Мы пошли дальше, сопровождаемые обычным хитровским женским хором, который простуженными голосами ревел свою обычную песню:

–  Лапша-лапщица! Студенец коровий! Рванинка! Рванинка! Бери, кавалер, потрошка!

А дальше толкались, терялись в тумане, копошились, ругались, хрипели, воняли махорочным тяжелым дымом люди. Люди ли? Оборванцы всех мастей, всякого разбору, все дно нашей русской жизни. Оставались ли они всё еще людьми или уже превращались в некий перегной, на котором когда-нибудь в будущем взрастет некое молодое древо? Да нет! Если и взрастет что-то на этой отравленной почве, то только древо с железными ножевыми лезвиями вместо листьев, со ржавой проволокой вместо ветвей, с осыпающимся трухой, корявым стволом. И уж конечно с ядовитыми плодами, которые отравят всю Первопрестольную! Хотя и тут, на самом дне, видал я характеры замечательные. Однако они, отравленные хитровским тяжелым туманом, скоро гасли. Гасли навсегда.

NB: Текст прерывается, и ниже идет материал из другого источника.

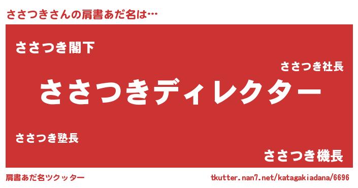 | 意味不明あだ名 | 『自称ささつき』『ペロリンささつき』 |
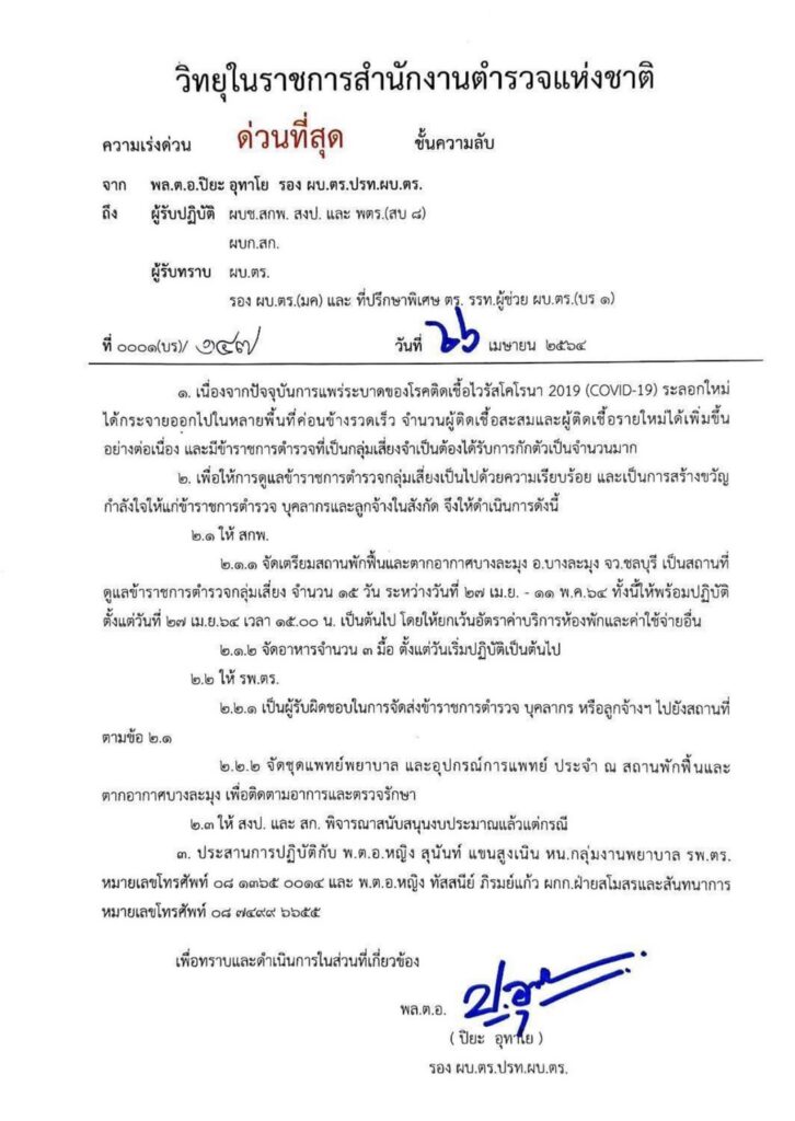 ให้ สกพ. จัดเตรียมสถานพักฟื้นและตากอากาศบางละมุง อ.บางละมุง จังหวัดชลบุรี เป็นสถานที่ ให้ดูแลข้าราชการตำรวจกลุ่มเสี่ยง จำนวน 15 วัน ระหว่างวันที่ 27 เม.ย. – 11 พ.ค. 64 ทั้งนี้ให้พร้อมปฏิบัติ ตั้งแต่วันที่ 27 เมษายน 2564 เวลา 15.00 น. เป็นต้นไป โดยให้ยกเว้นอัตราค่าบริการห้องพักและค่าใช้จ่ายอื่น โดยจัดอาหารจำนวน 3 มื้อ ตั้งแต่วันเริ่มปฏิบัติเป็นต้นไป
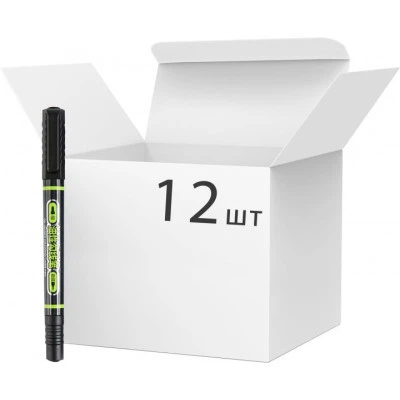 Маркер водостійкий, 1 мм, чорний, 12 шт. в упаковці
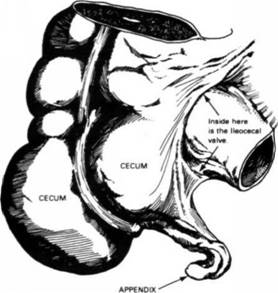 27.       The Appendix, that marvelous safety gland whose secretion prevents gas forming bacteria and other noxious germs from passing into the Small Intestines from the Colon. It has of late been allowed to function more normally since the education of the laity in the use of frequent enemas and skillful colonic irrigations.
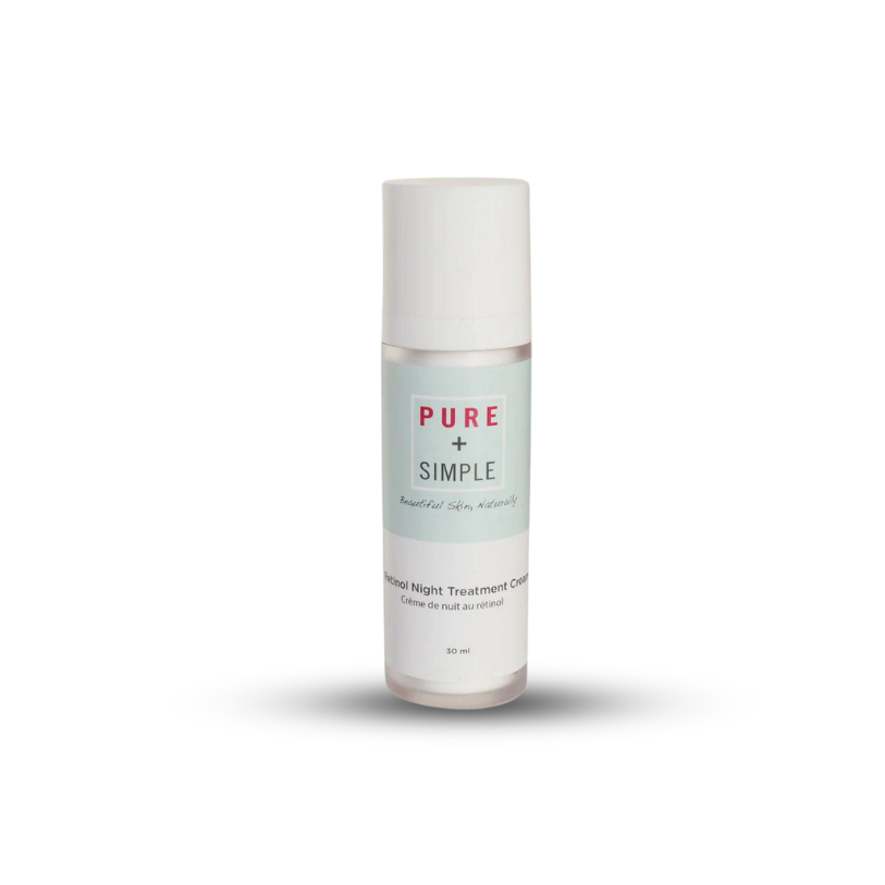 Apply nightly to skin that has been cleansed, toned (and serumed), avoiding eyes. Ultra dry or sensitive skin can follow with one of Pure + Simple’s therapeutic face oils. Use daily sun protection with any retinol use.
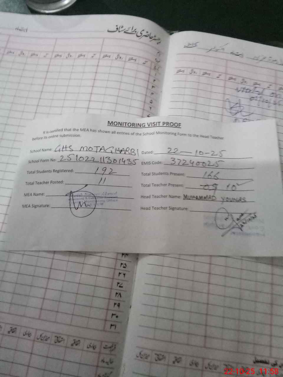 | EMIS Code: 37240025 | Name of School: GHS MOTA GHARBI | |||
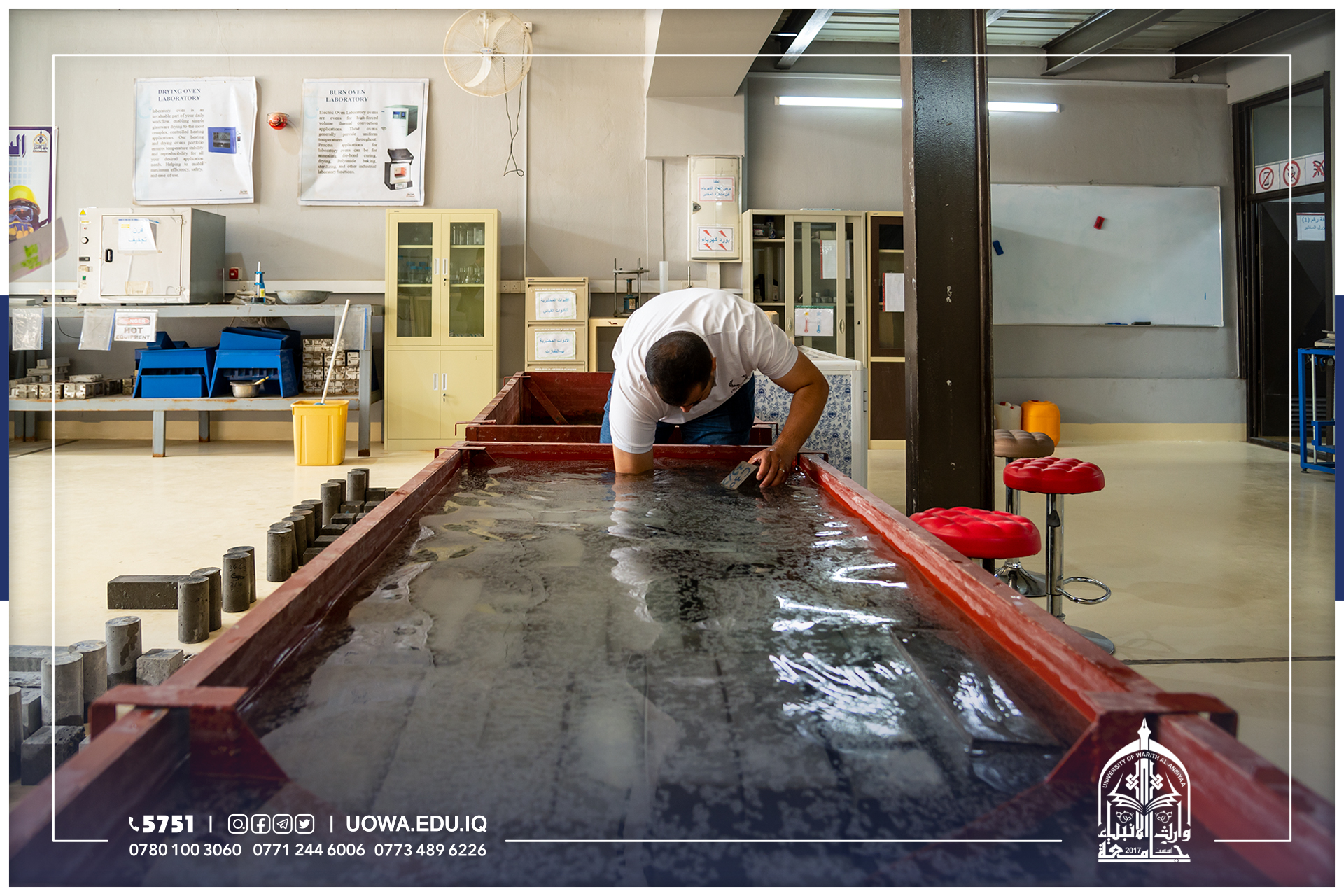 يعنى هذا المختبر بأجراء الفحوصات المختبرية للمواد الانشائية وكذلك الفحوصات المختبرية للإسمنت والمواد الخرسانية والركام (الرمل والحصى) وهذه الفحوصات ضرورية جدا لتمكن الطالب من معرفة كيفية خلط المواد مع بعضها البعض وبنسب معينه ودقيقه ومعرفة المشاكل التي تواجهه في حال لم يتم خلط المواد وفقا للنسب المحددة والظروف القياسية الملائمة التي تؤدي الى نجاح او فشل العينة ومدى مطابقتها للمواصفات الفنية من عدمه بالإضافة الى ذلك تمنح الفحوصات المختبرية دورا مهما يمكن المهندس من معرفة المادة الانشائية الجيدة وتمييزها والتي تؤدي الى زيادة عمر المنشأ
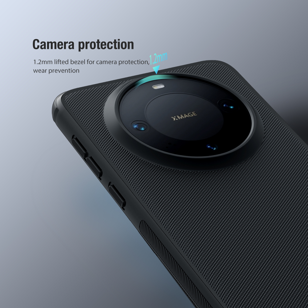 Защитный чехол черного цвета от Nillkin серии Super Frosted Shield Pro для смартфона Huawei Mate 60 с усиленными боковыми рамками по четырем углам, изготавливается из экологичных материалов PC и TPU путем высокоточного литья под давление с высокой температурой.
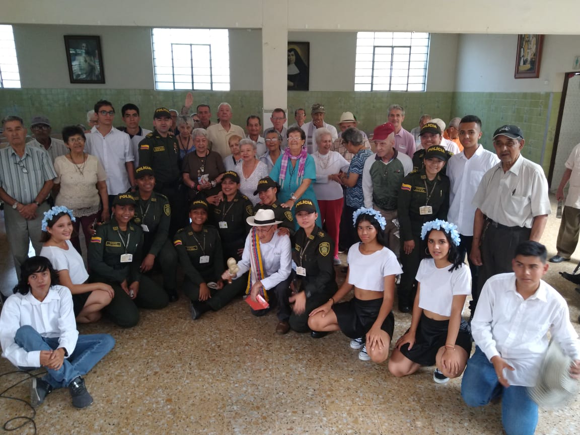 La Escuela de Policía Carlos Eugenio Restrepo, bajo el liderazgo de la señora Teniente Coronel Angélica Marina Díaz Gómez Directora Escuela, el Grupo de proyección social y el personal de estudiantes de la Cohorte 048 de este Campus Universitario, llevaron alegría a los abuelos del Hogar Santa Teresa del municipio de Itagüí, Antioquia.
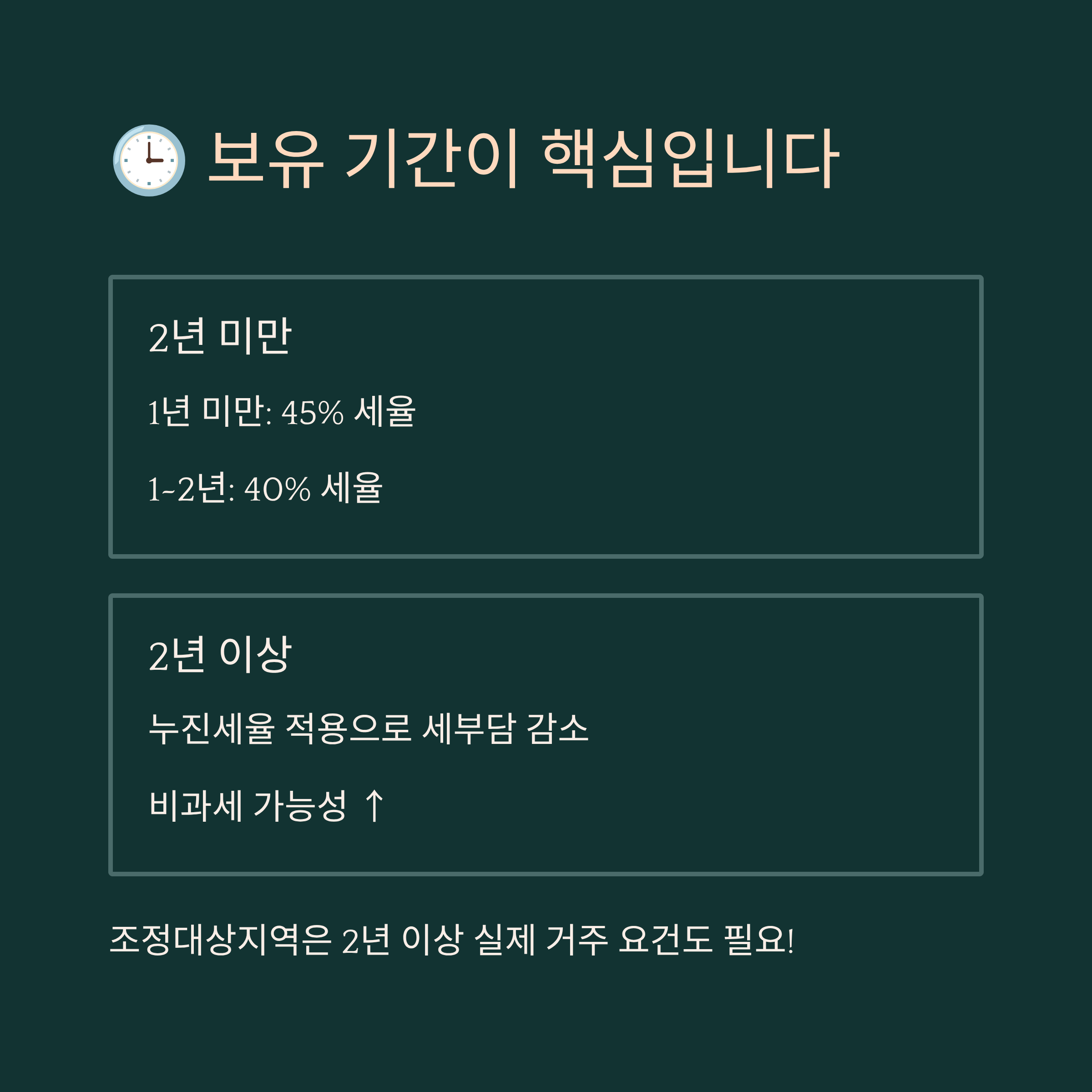 하지만 2년 이상 보유하면 누진세율로 계산되기 때문에 전체적으로 세부담이 줄어들고, 특히 1세대 1주택일 경우 '비과세' 요건도 충족할 수 있어요. 단, 조정대상지역이라면 '2년 이상 실제 거주' 요건도 충족해야 하죠.
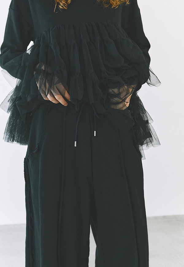 ボリューム感のあるチュールフリルがカジュアルな中にも上品さをプラスし、おしゃれな着こなしを楽しめます。
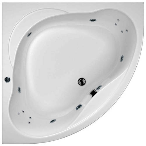 Hydrabath Laguna corner turbo whirlpool bath with 14 jets, legs, pre-fitted pump, electronic controls and front panel (1400x1400mm).
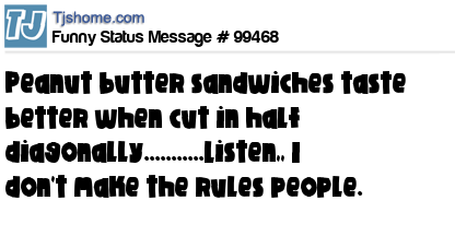 X Peanut butter sandwiches taste better when cut in half diagonally...........Listen,, I don't make the rules people.
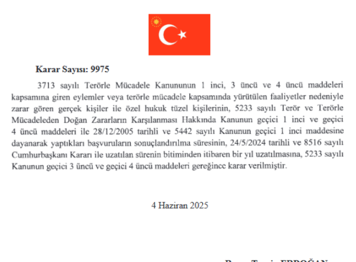 ANKARA (İGFA) – Bugünkü Resmi Gazete’de yayımlanan 9975 sayılı Cumhurbaşkanı Kararı, 3713 sayılı Terörle Mücadele Kanunu’nun 1,...
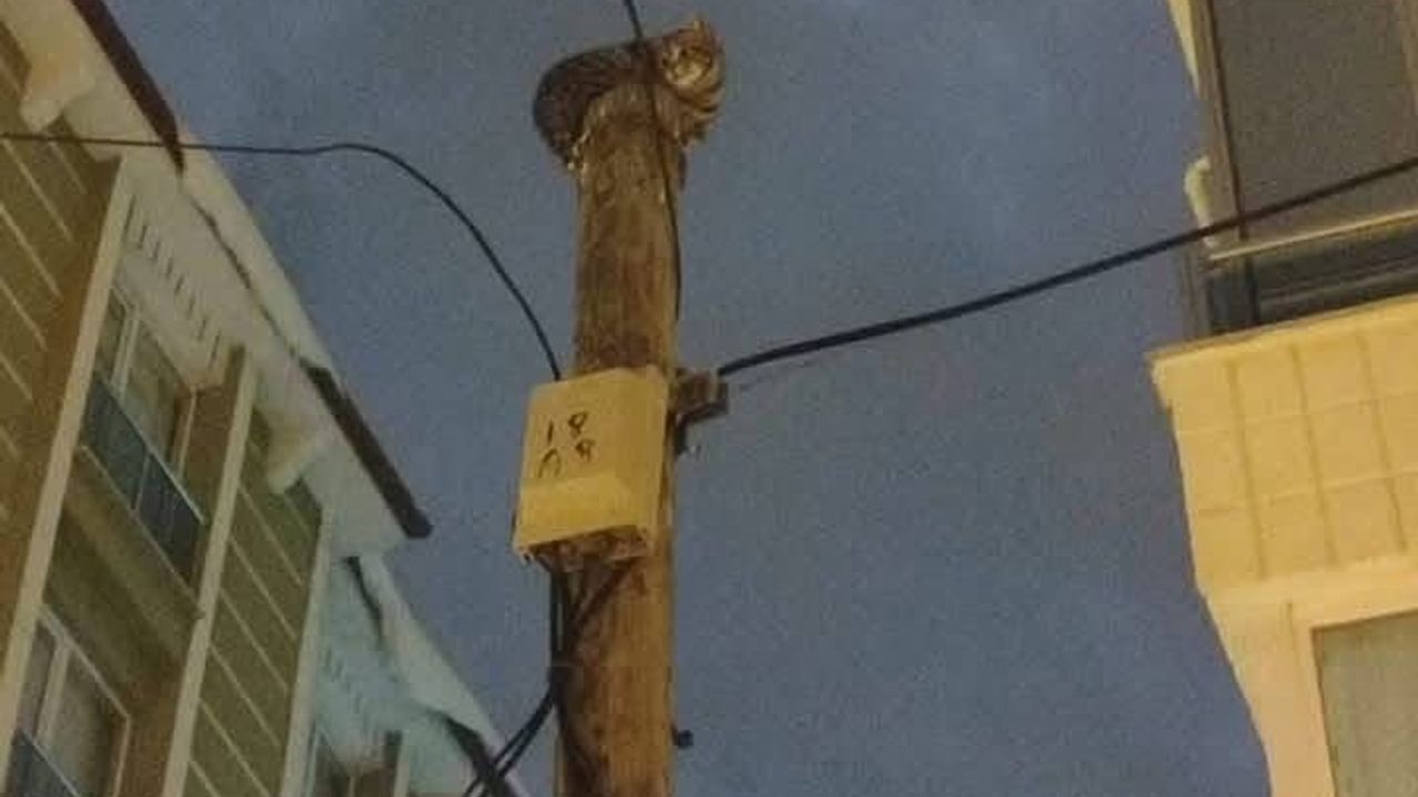 Aksaray’ın Ortaköy ilçesinde çıktığı telefon direğinde mahsur kalan kediyi elektrik arıza ekipleri kurtardı.
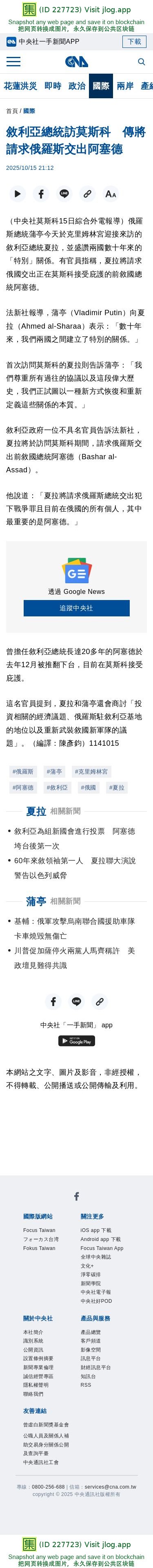 敘利亞總統訪莫斯科 傳將請求俄羅斯交出阿塞德 | 國際 | 中央社 CNA
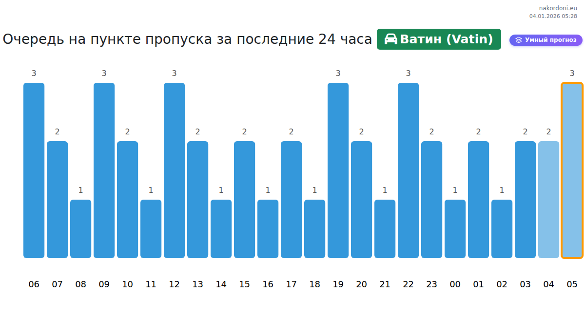 Планируйте свои поездки заранее, используя актуальную информацию о очередях на границе на пункте пропуска Ватин (Vatin) - легковой автомобиль, чтобы сделать ваш переход быстрым и удобным. Обратите особое внимание на эти часы, чтобы избежать пиковых нагрузок и сократить время ожидания.
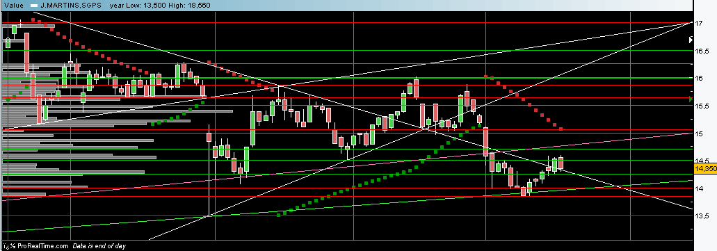 Está a aproximar-se a data da divulgação dos resultados. Se a resistência teimosa dos 14,50€ não for vencida até lá...arrisca-se a ir mesmo até ao suporte dos 13,50€. É a acção mas perigosa de todo o PSI20 nos dias de apresentação de resultados. É normal abrir a perder 6%...7%...8%...9%...10% no dia seguinte aos resultados...mesmo com vendas e lucros a crescer significativamente. Eu sei que se deve comprar no rumor e vender na notícia...mas há limites!

–  Видал я нищету, – пробормотал Шаляпин. – Но вот так, чтобы в одном месте собралась вся нищета – такого я не видал еще.

–  Это, дорогой сапожник, еще чистая по местным меркам публика, – ответил я. – Вот сейчас мы с тобой подходим к «Каторге». Там уж совсем другой коленкор. Ты лучше помалкивай, я сам обо всем договорюсь.

–  Стало быть, идем мы в центр этого ада? – спросил Шаляпин.

–  Не-е-ет! – ухмыльнулся я. – Это скорее будет у нас преисподняя. Самый ад там – у нас под ногами.

–  Как это, дядя?

–  Видишь – вокруг ночлежки да трактиры? Под каждым нарыли подземные ходы с тайными убежищами. Вот там – да, там ад. А здесь… Здесь, считай, еще белый свет!

Плечи Шаляпина передернулись.

–  А есть и другие места – худшие, чем «Каторга», – продолжил я просвещать своего спутника, – есть «Утюг», есть «Кулаковка», «Сухой овраг». Туда я и сам побаиваюсь ходить.

Тут мы наконец оказались перед ночлежным домом Ярошенко, а вернее, перед низенькой дверью, за которой и скрывался наш конечный пункт путешествия по хитровскому аду – трактир «Каторга».

–  Что ж, – сказал я, останавливаясь. – Готов ли? Помнишь, чему я тебя учил? Молчи и слушай. А станут спрашивать – отвечай коротко.

Шаляпин кивнул.

–  Ну тогда, – я взялся за деревянную ручку двери, – добро пожаловать!

И распахнул дверь.

Туман окутывал всю Хитровку. Но из раскрывшегося зева «Каторги» на нас обрушилось более густое и зловонное облако пара и махорочного дыма, в уши ударила музыка, крики, пьяный смех и матерная ругань вперемежку со стуком стаканов и невыносимым сухим кашлем. Шаляпин аж отшатнулся, но я уже шагнул в низкий дверной проем, и ему ничего не оставалось, как последовать вслед за мной.